- Thunderer (center front) as depicted in his first appearance of Daring Mystery Comics #7

Publication information
- Publisher: Marvel Comics
- First appearance: as the Thunderer: Daring Mystery Comics #7 (Timely, April 1941) as Black Avenger: All-Winners Comics #6 (Timely, Fall 1942)
- Created by: John Compton Carl Burgos

In-story information
- Alter ego: Jerry Carstairs
- Team affiliations: Six American Warriors
- Notable aliases: Black Avenger
- Abilities: Good hand to hand combatant High-impact voice amplification

= Thunderer (Marvel Comics) =

American comic book character

The Thunderer (Jerry Carstairs) is a superhero appearing in American comic books published by Timely Comics.

==Publication history==
He first appeared in Daring Mystery Comics #7 (Timely, April 1941) and was created by John Compton and Carl Burgos. He returned in issue #8 (Jan 1942). In All Winners Comics #6 (Sept 1942), he changed his hero name to the Black Avenger. This was his last Golden Age appearance. The Thunderer wore a red costume with blue highlights, but the color scheme was reversed on the covers.

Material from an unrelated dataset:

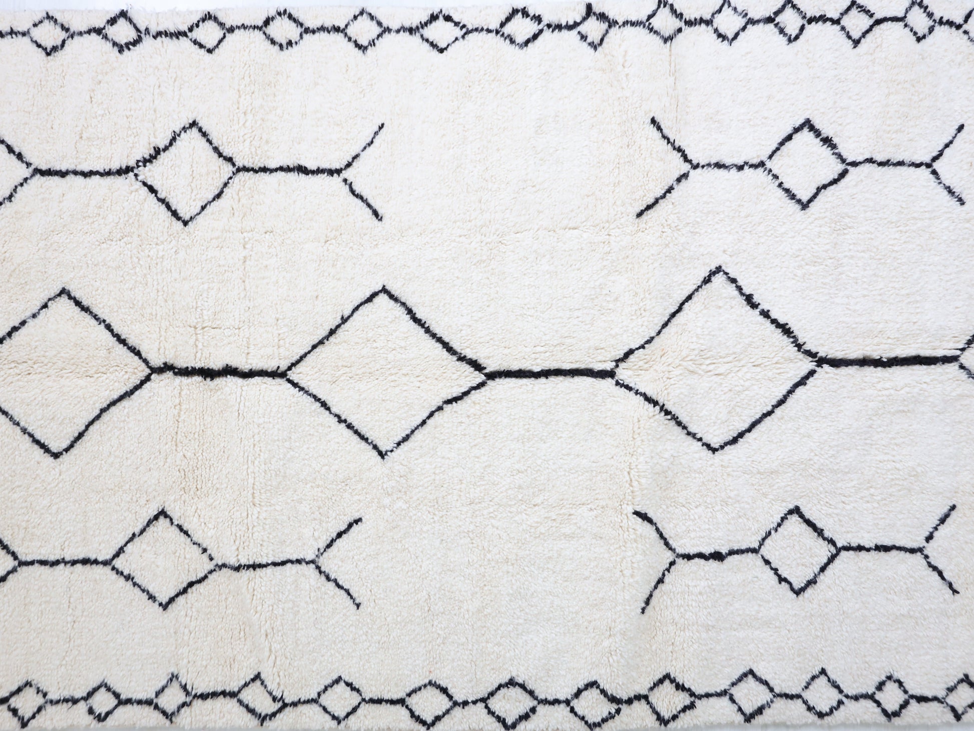 This unique rug, singular in its design, was intricately hand-knotted by the Beni Ourain tribes nestled in Morocco's Middle Atlas mountains.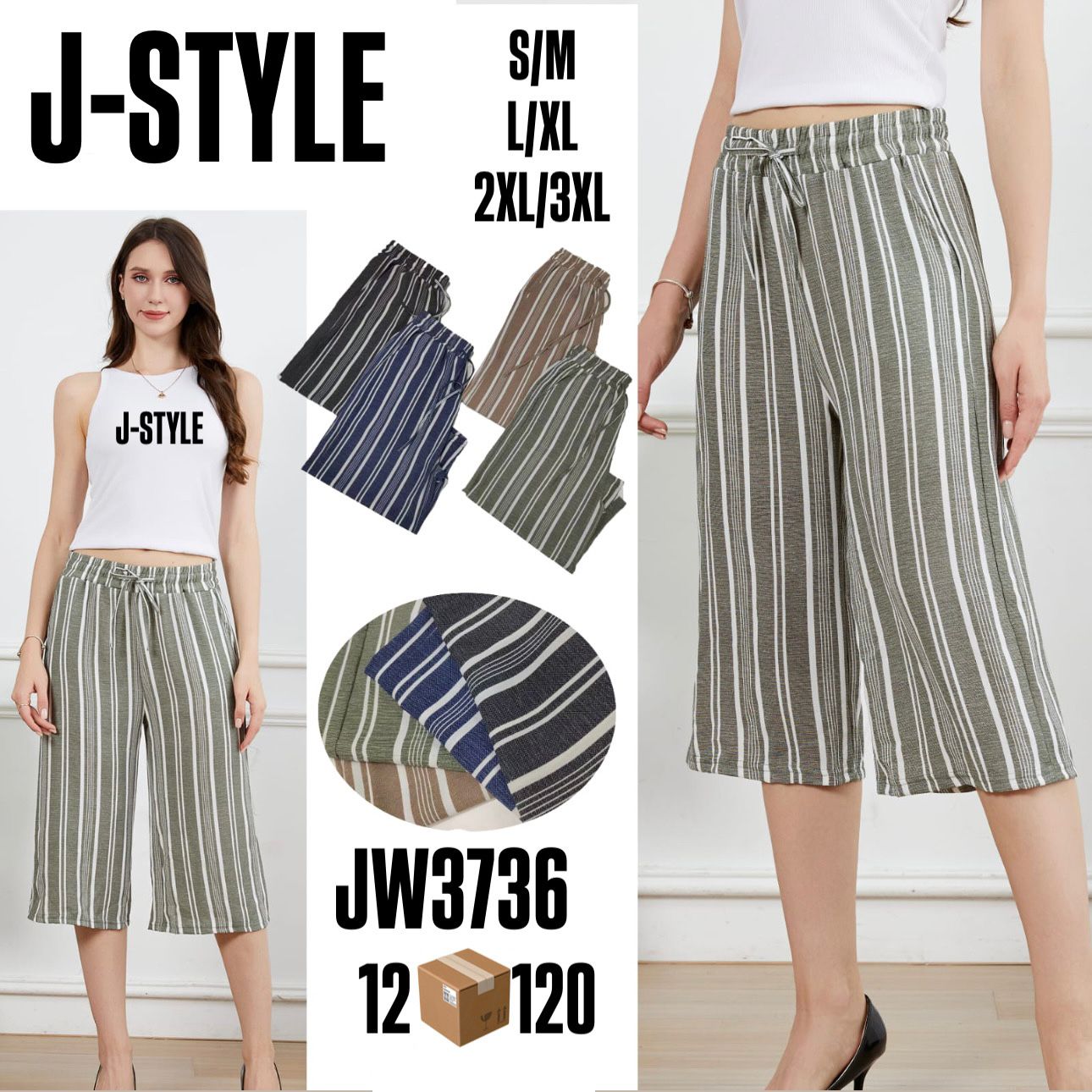Pantalones Capris Rayados de Mujer-JW3736

==Fictional character biography==
Frustrated that the United States did not seem to be dealing with crime or Nazi saboteurs, radio operator Jerry Carstairs created a costume with a built-in microphone and fought for justice as the Thunderer. In his first recorded appearance, Jerry learned that radio station WWLX was really a front for Nazi Fifth Columnists who were transmitting secret messages hidden in music. Learning that they were targeting his girlfriend Eileen Conroy, a newspaper reporter, he foiled their operation. In order to protect his secret identity, Jerry acted like a meek weakling while in his civilian guise. Thunderer later uncovered the machinations of a hideously deformed dwarf named Gore who hated beautiful people so much that he rigged Morse code death traps to kill his victims over the radio. The Thunderer destroyed his operation, and Gore was killed in a house fire caused by faulty wiring in his equipment.

Thunderer's activities were few and far between due to the limitations his position with the FCC provided in giving him leads to criminal or spy activities. The Thunderer briefly changed his name (but not his costume) to the Black Avenger. In the fall of 1942, the FBI caught a Nazi spy who resembled Jerry and convinced him to go undercover to expose a spy ring sending defense secrets back to Nazi Germany. As the Black Avenger, Jerry managed to round up the Nazis including their leader Kurt Weidner and turn him over to justice.

In 1943, the Black Avenger is among a number of heroes who are killed by the Red Skull wielding the Cosmic Cube. The Cosmic Cube is recovered by Private Paul Anslen, who uses it to resurrect all the dead heroes. When Red Skull is defeated, the heroes use the Cosmic Cube to wipe the Black Avenger's memories of the event and preserve history.

During the "Last Days" part of the Secret Wars storyline, Thunderer is seen as a resident of Valhalla Villas, a retirement home for ex-heroes and ex-villains in Miami. He is temporarily de-aged during the Incursion between Earth-616 and Earth-1610.

In Marvel Comics #1000, it was revealed that Jerry was a subject in a side project of Project Rebirth, the government project that created Captain America, called Project Thunderer. Thunderer's mask is a magical item called the Eternity Mask, which was created by a group of renegade occultists from Eternity's own substance during the days of King Arthur. When his friend William Naslund, the Spirit of '76 (as Captain America) was killed by the android Adam II, Thunderer blamed the Scientists' Guild, also known as the Three Xs and later the Enclave, for their role in Naslund's death as they were responsible for bankrolling Phineas Horton to create another android like the Human Torch, as well as supplying Adam-II's programming with the Three Xs's ideas for the next stage of mankind, leading to the android's madness. Changing his identity to Dark Avenger, Carstairs swears to take down the Three Xs. However, Carstairs was killed and the Eternity Mask taken by the Enclave. His corpse would be found by Marvel Boy, with a recording to stop the Scientists Guild.

==Powers and abilities==
Thunderer is an expert hand-to-hand combatant and possesses a powerful sonic scream derived from his costume.

==In other media==
- The Thunderer appears in the Spider-Man: The Animated Series five-part episode "Six Forgotten Warriors", voiced by Hansford Rowe in the present and Brett King in a flashback. This version, along with the Black Marvel, the Destroyer, Miss America, and the Whizzer, obtained his powers from a flawed attempt at recreating the process that empowered Captain America during World War II, which he regulates with a special ring. After Captain America seemingly sacrificed himself to stop the Red Skull from activating a Doomsday machine, Thunderer and the other heroes took possession of the machine's activation keys and retired.